- Born: 12 February 1873
- Died: 27 April 1937 (aged 64)

= Theodoor Hendrik van de Velde =

Theodoor Hendrik van de Velde (12 February 1873, Leeuwarden - 27 April 1937 near Locarno in a plane crash) was a Dutch physician and gynæcologist who served as director at the Gynæcological Institute in Haarlem.

==Biography==
His 1926 book Het volkomen huwelijk (The Perfect Marriage) made him an instant international celebrity. The book advocated knowledge and sensuality in erotic life. In Germany, Die vollkommene Ehe reached its 42nd printing in 1932, in spite of the fact that it was placed on the list of forbidden books, Index Librorum Prohibitorum, by the Roman Catholic Church.

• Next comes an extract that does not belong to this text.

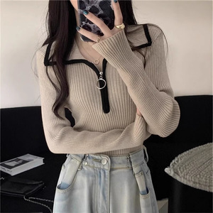 高级感半拉链翻领毛衣女秋冬内搭打底修身显瘦针织衫长袖短款上衣

German-American sex therapist and Holocaust survivor Dr. Ruth Westheimer, known popularly as Dr. Ruth, has said that it was the first book on the subject of sex that she ever had an opportunity to read a few pages of, when she was a ten-year-old child in Frankfurt, Germany.

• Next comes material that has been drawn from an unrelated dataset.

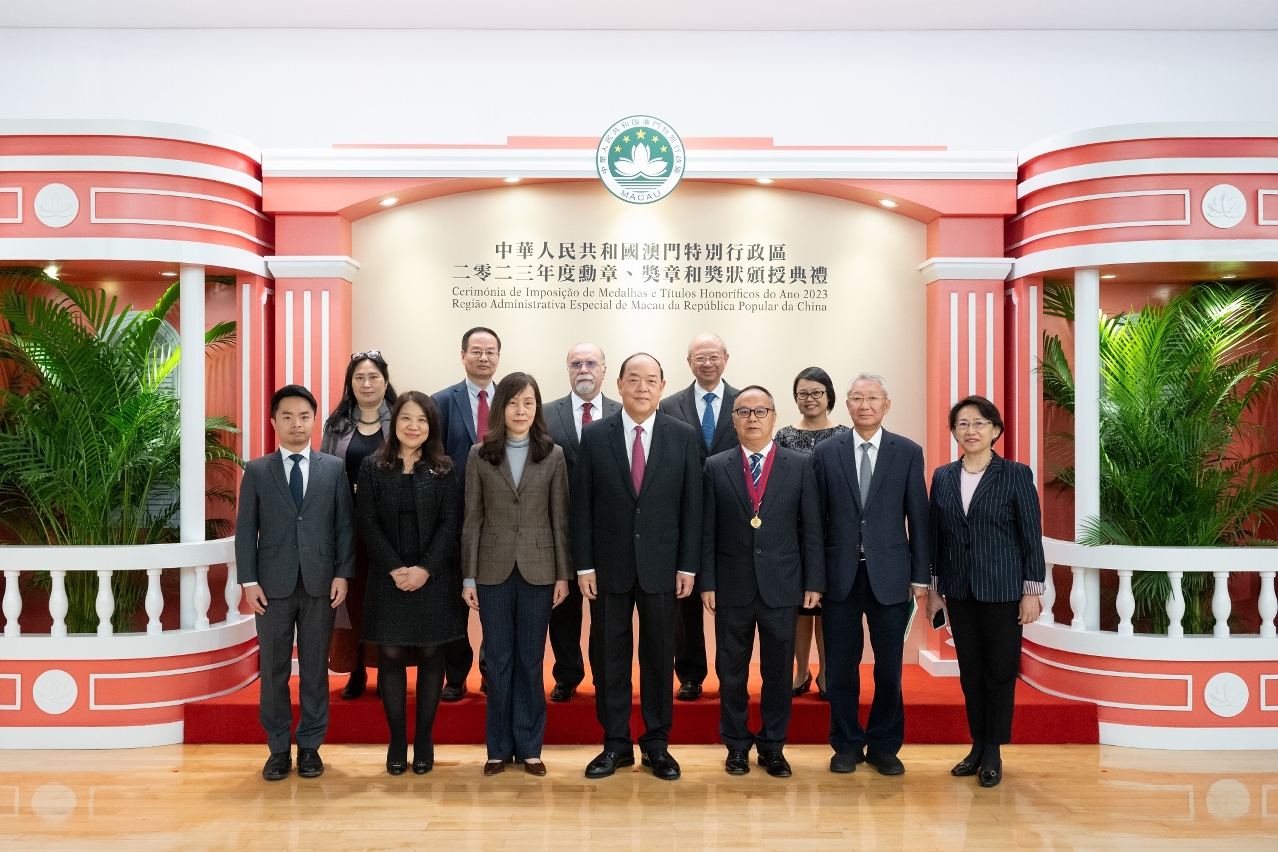 澳門特別行政區政府今(19)日舉行2023年度勳章、獎章和獎狀頒授典禮,由行政長官賀一誠主持。其中,澳門大學校長宋永華獲頒授教育功績勳章,以表彰其在教育事業方面的傑出貢獻。

In Protestant and social democratic Sweden, Det fulländade äktenskapet was widely known although regarded as pornographic and unsuitable for young readers long into the 1960s. The English translation, Ideal Marriage: Its Physiology and Technique, was the best-known work on its subject for several decades, and was reprinted 46 times in the original edition, selling well over a half million copies.

He is credited with showing in 1905 that women only ovulate once per menstrual cycle. This contributed to the improvement of calendar-based methods of birth control, and later to the creation of other fertility awareness systems.

Wilhelm Reich mentions Van de Velde in his 1945 essay Listen, Little Man! (German: Rede an den kleinen Mann): You say: 'Sexuality is a petit-bourgeois invention, it's the economic factors that count'. And you read Van de Velde's book on love technique. (1948 English translation by Theodore Peter Wolfe, Penguin books edition 1975, page 38).